By Anne K. Walsh –
Yes, this post relates to yet another off-label settlement between a pharmaceutical company and the federal government. But some aspects of this recent settlement, coupled with other recent cases, might indicate noteworthy trends in how these cases are being resolved. The defendants are Endo Health Solutions, and its subsidiary, Endo Pharmaceuticals Inc., based in Malvern, Pennsylvania. The drug is Lidoderm, a prescription drug patch that FDA approved to treat pain associated with post-herpetic neuralgia, or PHN. The government alleged (here and here) that Endo marketed Lidoderm for general, non-PHN related pain indications, including lower back pain, diabetic neuropathy, and carpal tunnel syndrome. The company’s global settlement included a civil payment of $171.9 million, a criminal fine of $20.8 million, and a Corporate Integrity Agreement governing the company’s ongoing practices.
Two U.S. Attorney’s Offices bifurcated the matter, with the civil investigation managed by the U.S. Attorney’s Office in Philadelphia, and the criminal investigation handled by the Northern District of New York. Dealing with multiple U.S. Attorney’s Offices can be complicated, but we have seen improved cooperation between multiple offices in recent cases.
Endo managed to escape a corporate criminal charge by entering into a deferred prosecution agreement (“DPA”) with the government. In the DPA, the company admitted to certain criminal conduct, and agreed to pay a criminal fine and to impose enhanced compliance measures (many of the compliance provisions appear to overlap with the requirements of the Corporate Integrity Agreement). The DPA will not be final until it is accepted by the court.

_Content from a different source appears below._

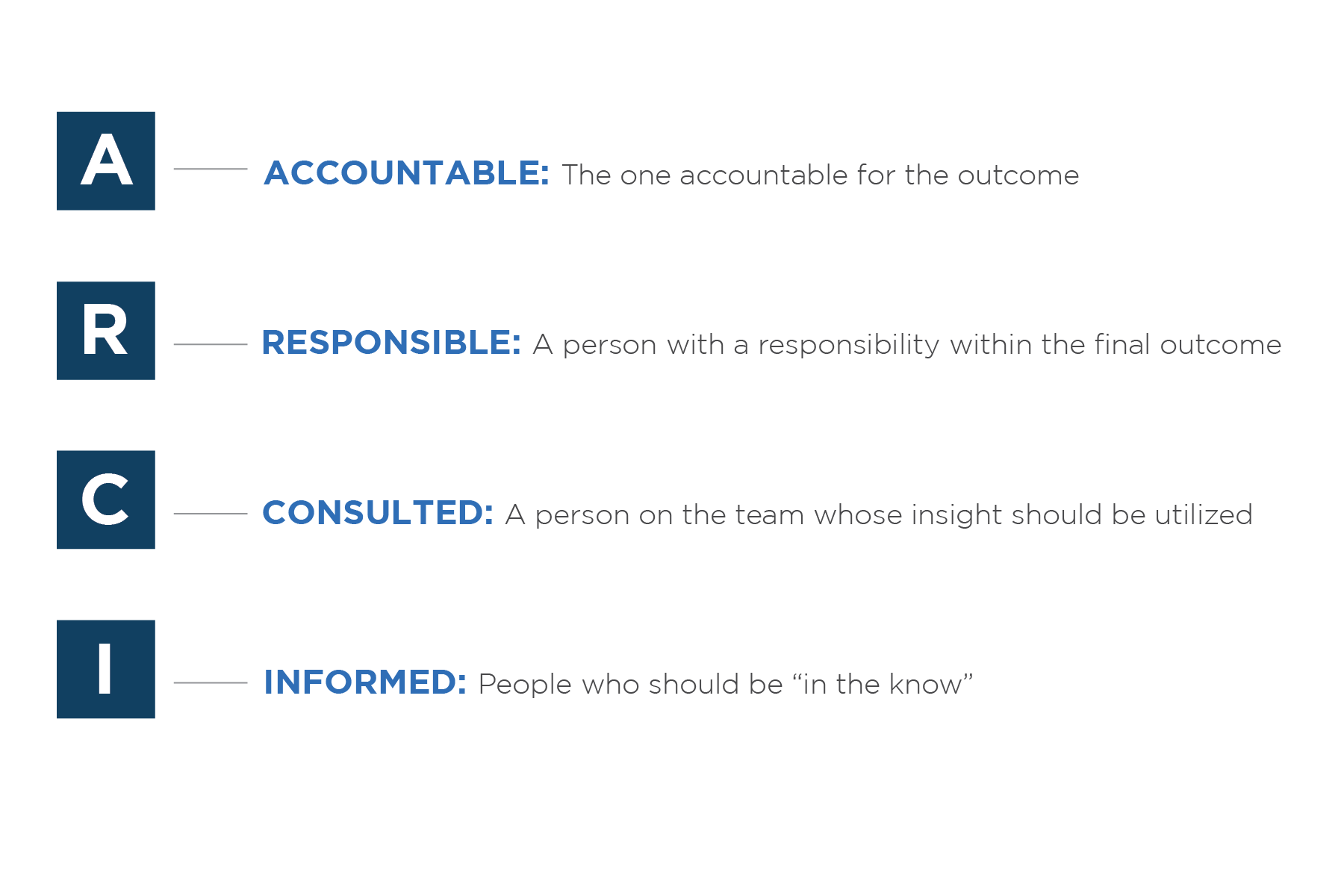- Ensure people are included: Only one person can have the “A,” but there are people with experience, insight, and expertise that need to be consulted. This framework helps ensure they are included.

The government used asset forfeiture techniques to buttress the criminal penalty. As part of the resolution, the parties agreed to settle an in rem action the government had brought against a $10 million wire transfer intended for Endo Pharmaceuticals. It is unclear from the publicly available pleadings how the government traced the wire transfer, but suffice it to say that money transfers of this magnitude do not go unnoticed when a company is in the crosshairs of a criminal investigation. The government argued that the money constituted proceeds from a violation of the FDC Act, and therefore was subject to asset forfeiture under 18 U.S.C. § 981(a)(1)(C). As part of the criminal plea, the parties agreed to forfeit the $10 million wire transfer, plus pay an additional $10 million monetary fine. Asset forfeiture is a powerful tool for the government, and one law enforcement agencies particularly prefer because the money is earmarked to further fund their investigative efforts.